Let’s Work Backwards
Let’s focus on the USD for just a moment.
It may be done barfing mid term, and possibly long term.
Fitch downgraded the United States this past week, then Moody’s piled on and did the same.
Anyone out there care to guess what happened last time they did this?
Investment in the US went nuts to the upside.
And there are so many reasons for people and sovereign nations to flock to the USD right now and in the future.
Powell raised rates, and may do it again later!
Contrast this with the G7 nations, who are slowing down, or who have already paused with their rates.
And the bear cases for the overall economy are becoming more widely known.
Consumer debt in several metrics have hit all-time highs (yes, they can still go higher), making a credit crisis eminent.
We spoke of the energy crisis last week on the podcast. The food crisis will likely spawn from this and all that has happened in the last 18 months.
People can simply park their money in US treasury bonds, the safest bonds in the world still, and get over a 5% return for months and months as they prepare for the storm.
I’ll bet a lot of people are waiting for these rates to top out (so they’re waiting for the pause like I am), before they buy these bonds and bunker in for the rapture.
Everyone at the Fed, Yellen, and mainstream financial media are out of nowhere talking about a “soft landing”, or even “no landing”.
Why? Because of a few AI stocks? We’re all saved now? All of the fuck-ups we’ve made in the last 5 years aren’t going to factor in anymore?
No, because what are they supposed to say? “Run for your lives!!!!”

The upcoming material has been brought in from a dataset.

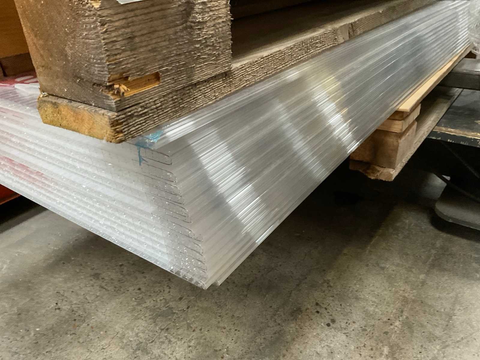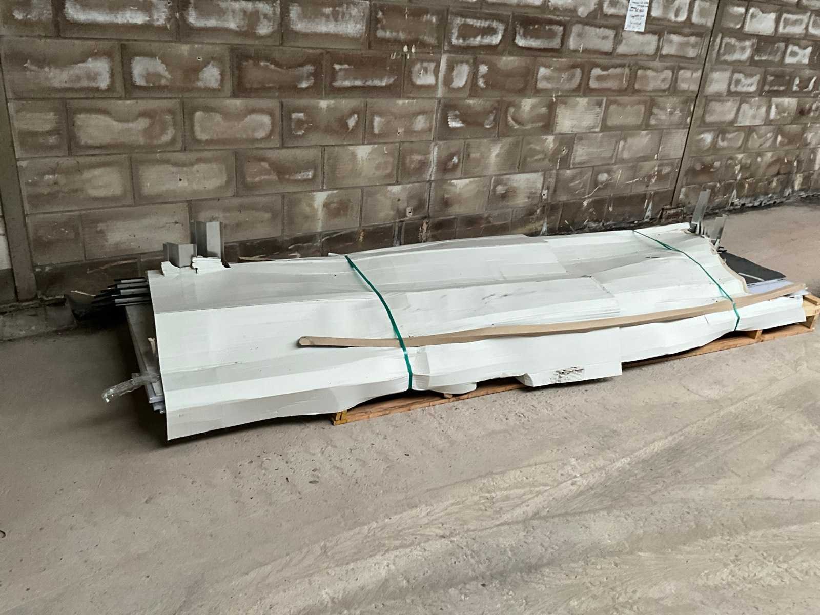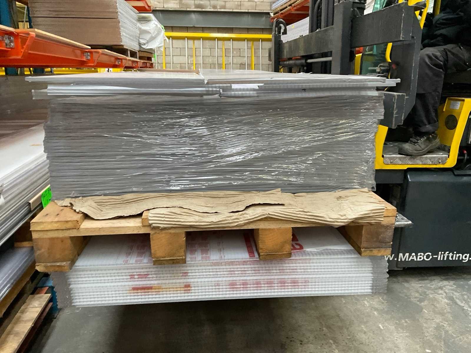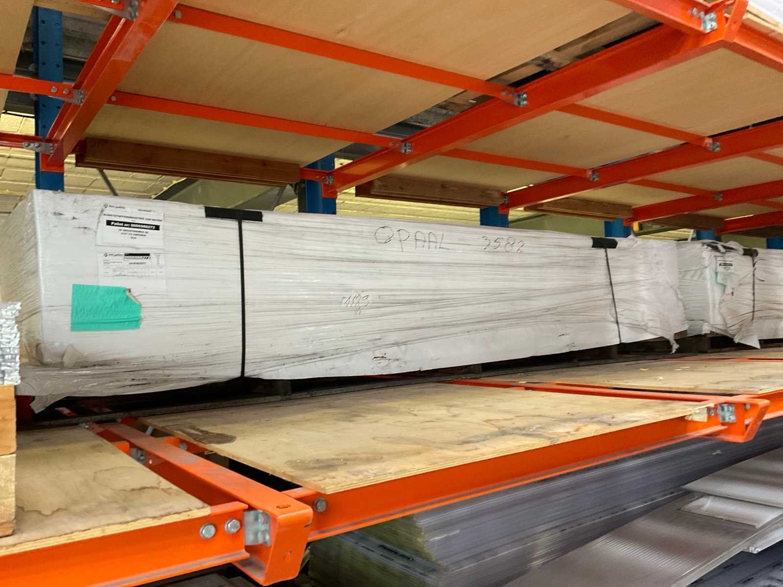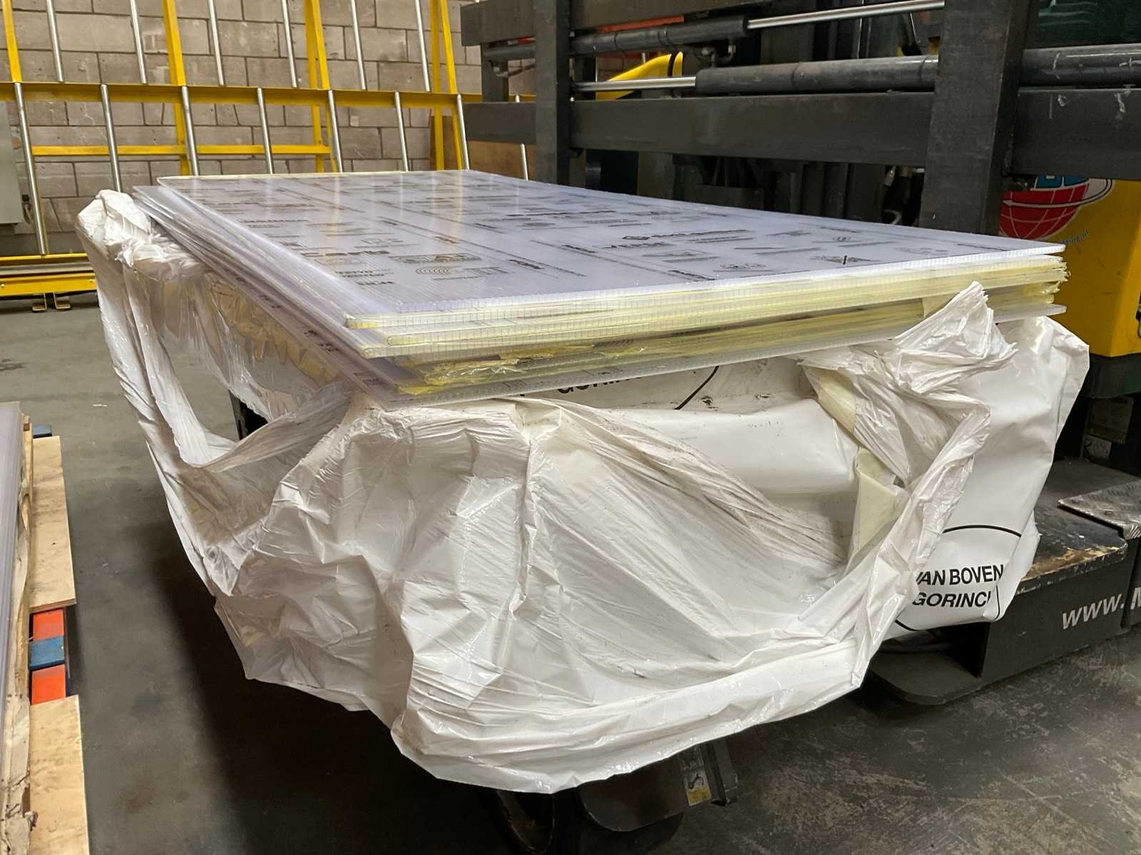 50x 1050x1590x10 mm; 17x 1050x2482; 10x 1050x2430x10 mm; 8x 1050x2680 mm; 15x 1050x4000x10 mm; 100x 1050x3582x10 mm; 32x 1050x3500x10 mm; 11x 1050x2533x10 mm. Inclusief 1x pallet half fabrikaat. Lengte: 1000cm Breedte: 105cm
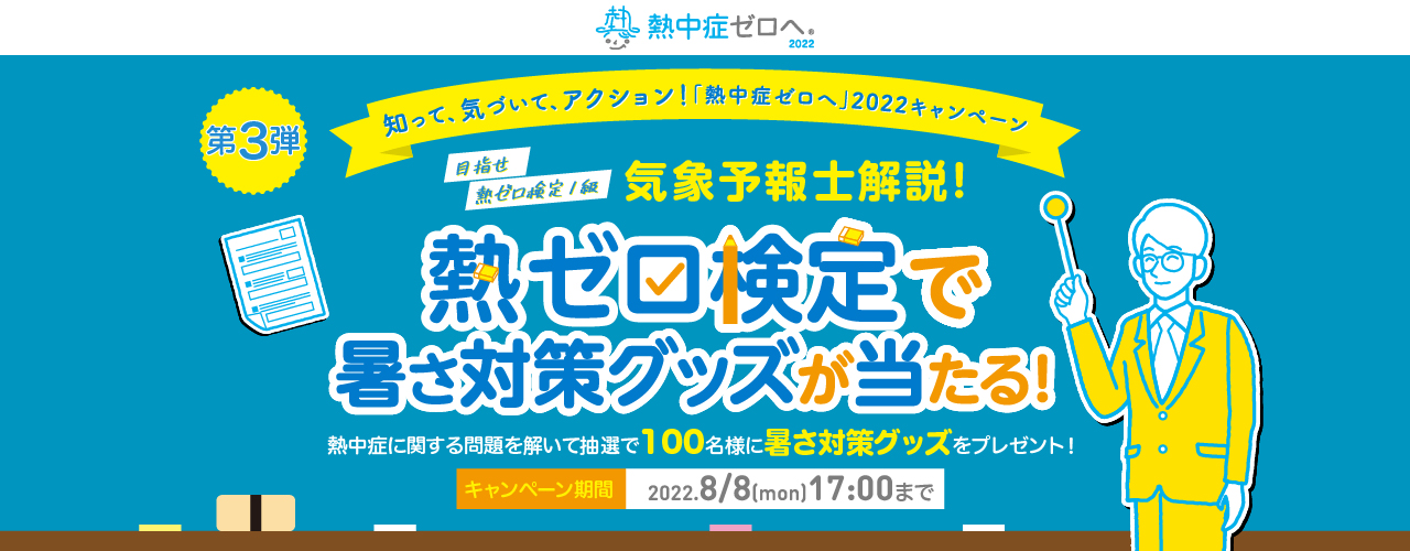 「知って、気づいて、アクション!『熱中症ゼロへ』2022キャンペーン」第3弾「熱ゼロ検定で暑さ対策グッズが当たる!」を開始いたしました。

This would crash the market overnight.
Equities have sold off this week, possibly as a precursor of what’s to come, but price moves in waves, so we’ll see.
I continue to buy nothing and stack cash, and almost all of it is USD.
But I’m keeping as eye on silver.
Silver has pulled back this month, as expected, but the reason given was a bit unexpected, although maybe not surprising.
Fast forward to 2:40 for the reason. And watch the rest if you like porning out on precious metals like I do.
There were other headwinds though.
Demand for silver has been dropping hard. Just look at the premiums.
COMEX and the LME are now adding more than what’s being taken out. This has gone on for weeks.
India is not buying, at all. This is big. Indians are very shrewd buyers, they do not like these higher prices, and there is no sign of them returning yet at these current prices.
Might this be the last dip before the big run begins?
I have no idea, but I’m treating it like it may be, and eyeing a few buying opportunities in physical silver and adding onto silver mining stock positions.
I think we have further to go down in the XAG/USD, but I will obey my charts like I always do.